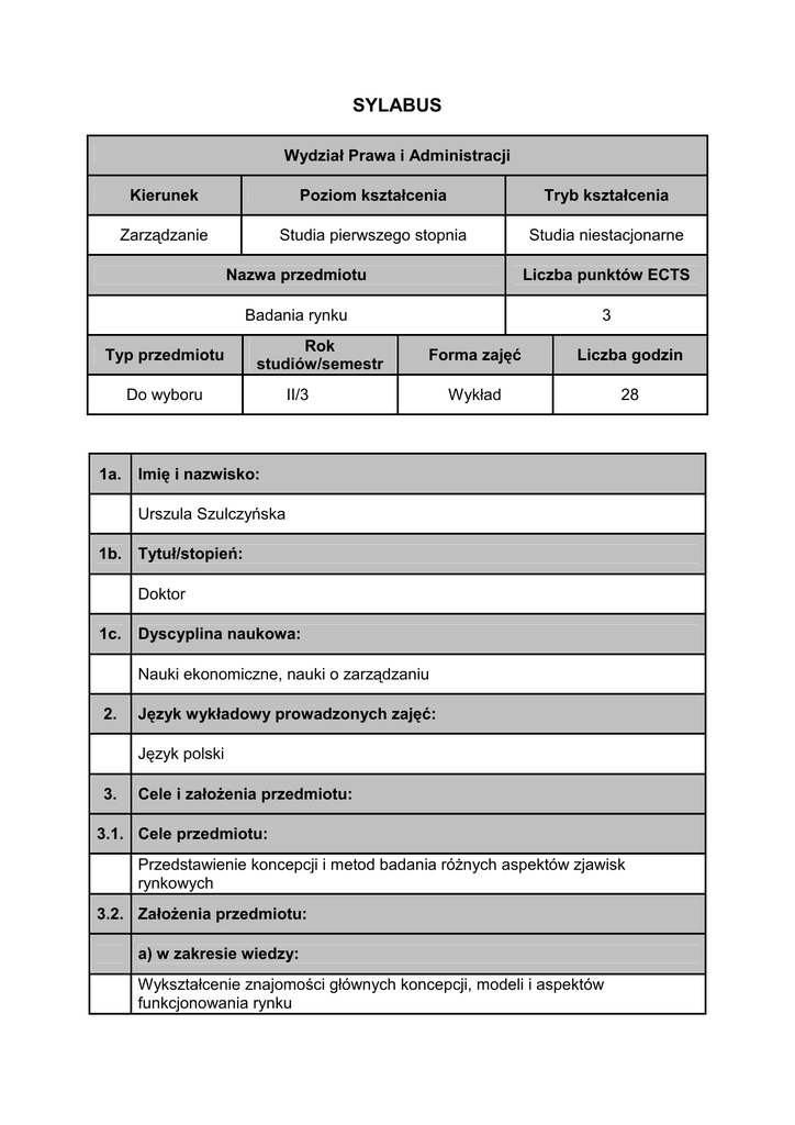 SYLABUS Wydział Prawa i Administracji Kierunek Poziom kształcenia Tryb kształcenia Zarządzanie Studia pierwszego stopnia Studia niestacjonarne Nazwa przedmiotu Liczba punktów ECTS Badania rynku 3 Typ przedmiotu Rok studiów/semestr Do wyboru 1a. Forma zajęć Liczba godzin Wykład 28 II/3 Imię i nazwisko: Urszula Szulczyńska 1b. Tytuł/stopień: Doktor 1c. Dyscyplina naukowa: Nauki ekonomiczne, nauki o zarządzaniu 2. Język wykładowy prowadzonych zajęć: Język polski 3. Cele i załoŜenia przedmiotu: 3.1. Cele przedmiotu: Przedstawienie koncepcji i metod badania róŜnych aspektów zjawisk rynkowych 3.2. ZałoŜenia przedmiotu: a) w zakresie wiedzy: Wykształcenie znajomości głównych koncepcji, modeli i aspektów funkcjonowania rynku b) w zakresie postaw: Wykształcenie potrzeb w zakresie pozyskiwania informacji o rynku dla zmniejszania niepewności w zarządzaniu oraz ograniczających ryzyko podejmowania decyzji o działaniach na rynku c) w zakresie umiejętności: Wykształcenie umiejętność wykorzystania danych płynących z rynku do podejmowania decyzji zarządczych; umiejętności zastosowania metod statystycznych i modeli ekonometrycznych do analizy danych rynkowych 4. Wymagania wstępne: Wiedza z zakresu mikroekonomii i statystyki 5. Metody dydaktyczne: Wykład aktywny, prezentacje przy uŜyciu rzutnika multimedialnego, rozwiązywanie zadań ilustrujących prezentowane zagadnienia i metody przy wykorzystaniu arkuszy kalkulacyjnych 6. Forma i warunki zaliczania przedmiotu: Pisemny sprawdzian wiadomości 7. Treści kształcenia (programowe): Istota rynku i mechanizmu rynkowego; działanie klasycznego i ograniczonego mechanizmu rynkowego; znaczenie badań rynku dla procesu podejmowania decyzji; mechanizm równowagi rynkowej w ujęciu statycznym i dynamicznym; modelowanie ekonometryczne zjawisk rynkowych; analiza pojemności rynku; analiza rynku w ujęciu przestrzennym; metody klasyfikacji obiektów, zastosowanie w badaniach rynku analizy conjoint; analiza chłonności rynku; analiza rozwoju zjawisk rynkowych w czasie; badanie udziału przedsiębiorstwa i jego konkurencyjności na rynku; badania rynku w przekroju strukturalnym 8. Wykaz literatury podstawowej: S. Mynarski, Badania rynkowe w przedsiębiorstwie, Akademia Ekonomiczna w Krakowie, Kraków 2001; Analiza rynku, red. H. Mruk, PWE, Warszawa 2003 9. Wykaz literatury uzupełniającej: Analiza rynku. Systemy i mechanizmy, red. S. Mynarski, Kraków 1993; S. Mynarski, Analiza rynku. Makromechanizmy, Akademia Ekonomiczna w Krakowie, Kraków 2000; G. Rosa, A. Smalec, Analiza i funkcjonowanie rynku na przykładach, Uniwersytet Szczeciński, Szczecin 2000; M. Rószkiewicz, Metody ilościowe w badaniach marketingowych, Wydawnictwo Naukowe PWN, Warszawa 2002; W. Wrzosek, Funkcjonowanie rynku, PWE, Warszawa 2002; H. Simon, Zarządzanie cenami, Wydawnictwo Naukowe PWN, Warszawa 1996; W. F. Samuelson, S. G. Marks, Ekonomia menedŜerska, PWE, Warszawa 1998 10. Akceptacja kierownika Katedry/Zakładu/Studium:
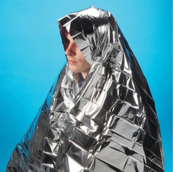 Disposable foil blanket to keep the patient warm and dry by reflecting body heat. Ideal for outdoor workers and activities such as sports events.
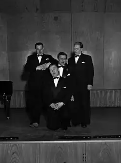 The quartet was first brought together for the 1950 musical comedy film Beautiful Veera to voice the singing crew of a steamboat, under the direction of Bergström. Only Olavi Virta was seen on screen; Teijo Joutsela, Auvo Nuotio and Kauko Käyhkö only lent their voices. Due to the film's success Bergström formed a real quartet that debuted the following year.[3][4][5][6][7]
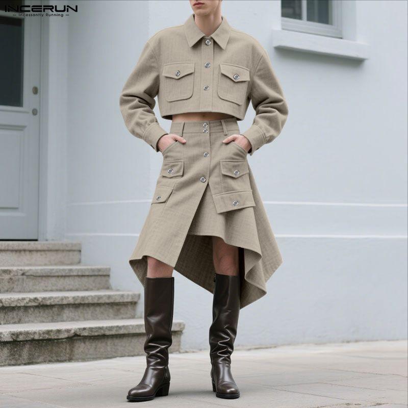 INCERUN Women Men Long Sleeve Cropped Tops and Irregular Skirts Sets Outfits
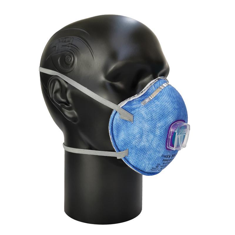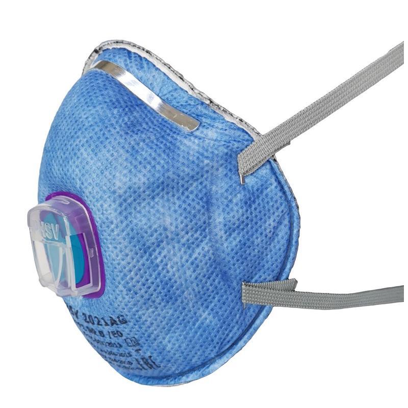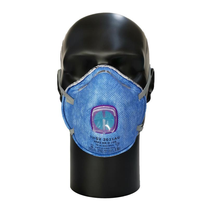 Фильтрующая полумаска PHSV FFP2 NR D/E0 2021AG, с клапаном выдоха, класс фильтрующей эффективности FFP2 до 12 ПДК, чашеобразной формы. Защищает органы дыхания при работах в помещениях с повышенной температурой воздуха, повышенной влажностью и высокой запыленностью до 12 ПДК, а также в среде с содержанием паров диоксида серы и паров других кислых газов.
::::
→ AIM OF THE TASK
I would like the lines from the one with "INCERUN Women Men" through the last line of the data above retyped exactly, with pictures left out, please.

→ SOLUTION TO THIS EXERCISE
 INCERUN Women Men Long Sleeve Cropped Tops and Irregular Skirts Sets Outfits
 Фильтрующая полумаска PHSV FFP2 NR D/E0 2021AG, с клапаном выдоха, класс фильтрующей эффективности FFP2 до 12 ПДК, чашеобразной формы. Защищает органы дыхания при работах в помещениях с повышенной температурой воздуха, повышенной влажностью и высокой запыленностью до 12 ПДК, а также в среде с содержанием паров диоксида серы и паров других кислых газов.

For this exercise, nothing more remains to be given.